5. Understanding Bias in RNNs

5.1 Definition

Bias acts like a constant offset that allows the neuron to activate even when all inputs are zero.
It helps the network fit data better by shifting the activation function left or right.

In RNNs, we have:

Hidden bias (bh): added when computing the hidden state.
Output bias (by): added when computing the final output.

5.2 Why It’s Important

Without a bias term, if all inputs are zero, the neuron’s output will always be zero, regardless of the activation function.
The bias ensures the neuron can still produce meaningful activations.

6. Relationship Between Neuron, Weight, and Bias

To summarize how they interact:

Component	Role
Neuron	Core computation unit that processes inputs and produces an output.
Weights	Determine how strongly each input influences the neuron’s output.
Bias	Allows flexibility by shifting the activation threshold.

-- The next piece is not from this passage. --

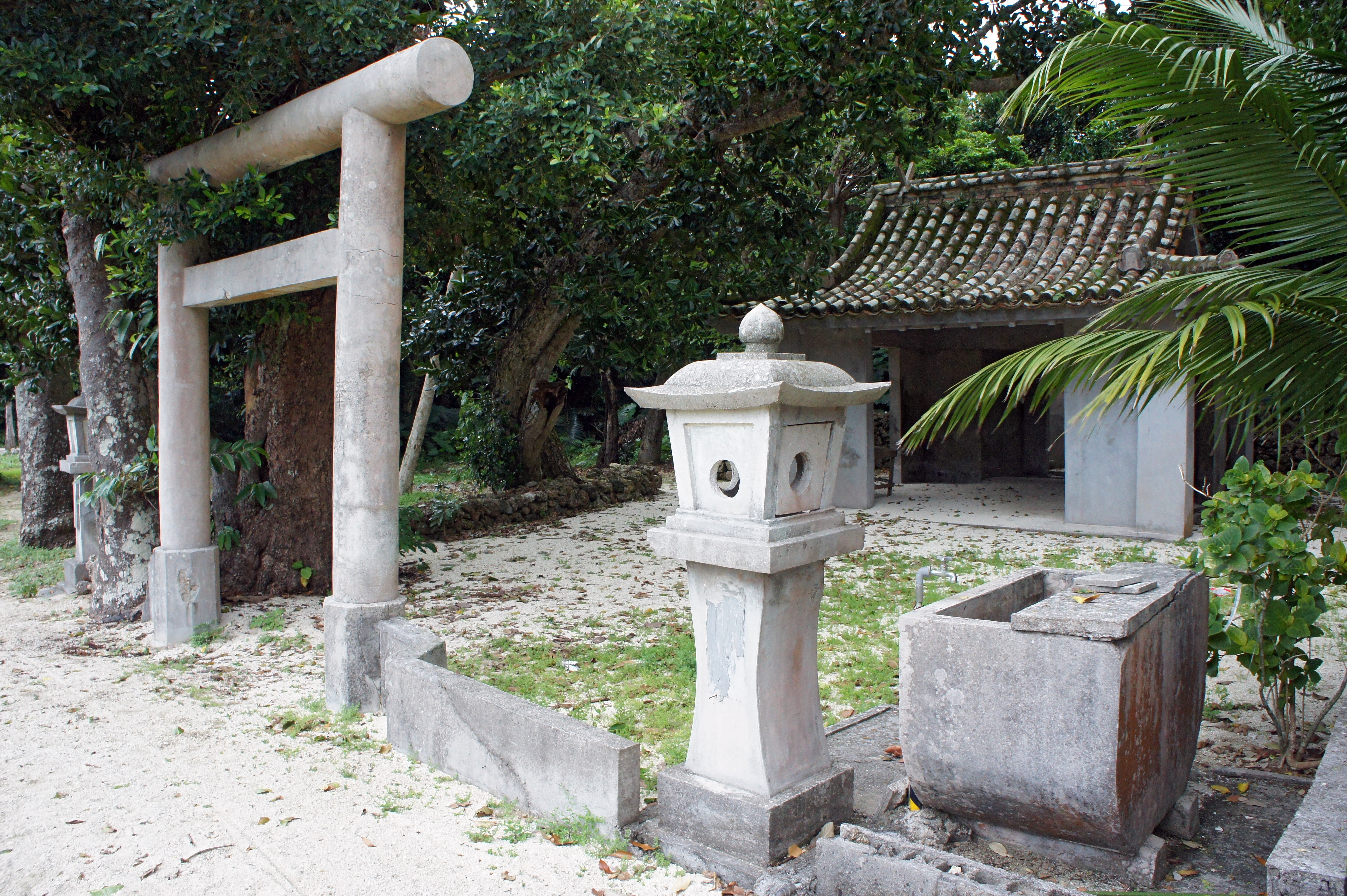 Yumuchi-On in Taketomi Island, Taketomi Town, Okinawa Prefecture, Japan.

In an RNN, these three elements combine to create a memory mechanism that links past inputs to future outputs through the hidden state.

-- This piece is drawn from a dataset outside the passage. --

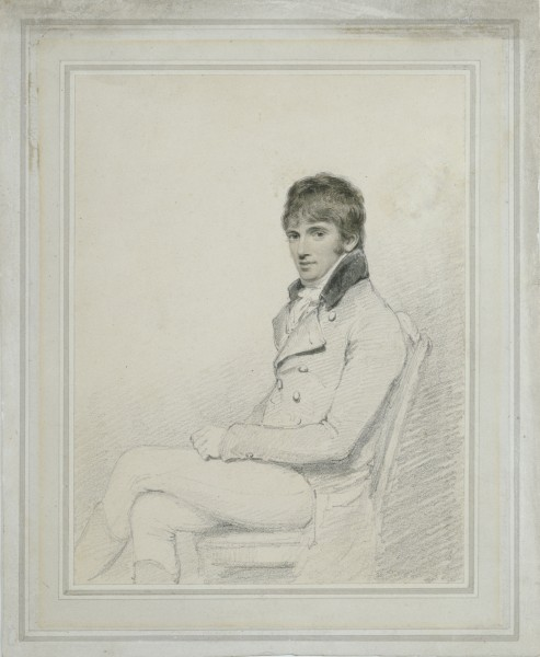 Portrait of William Daniell (1769–1837).

7. How Weights and Bias Are Learned

RNNs learn weights and biases through a process called Backpropagation Through Time (BPTT).

Steps:

Forward pass: Compute outputs for all time steps.
Loss calculation: Compare predicted output with actual target.
Backward pass: Propagate error backward through all time steps.
Update weights and biases: Adjust W_xh, W_hh, W_hy, b_h, and b_y using gradient descent.

This learning ensures that the neuron’s parameters evolve to capture patterns in sequential data.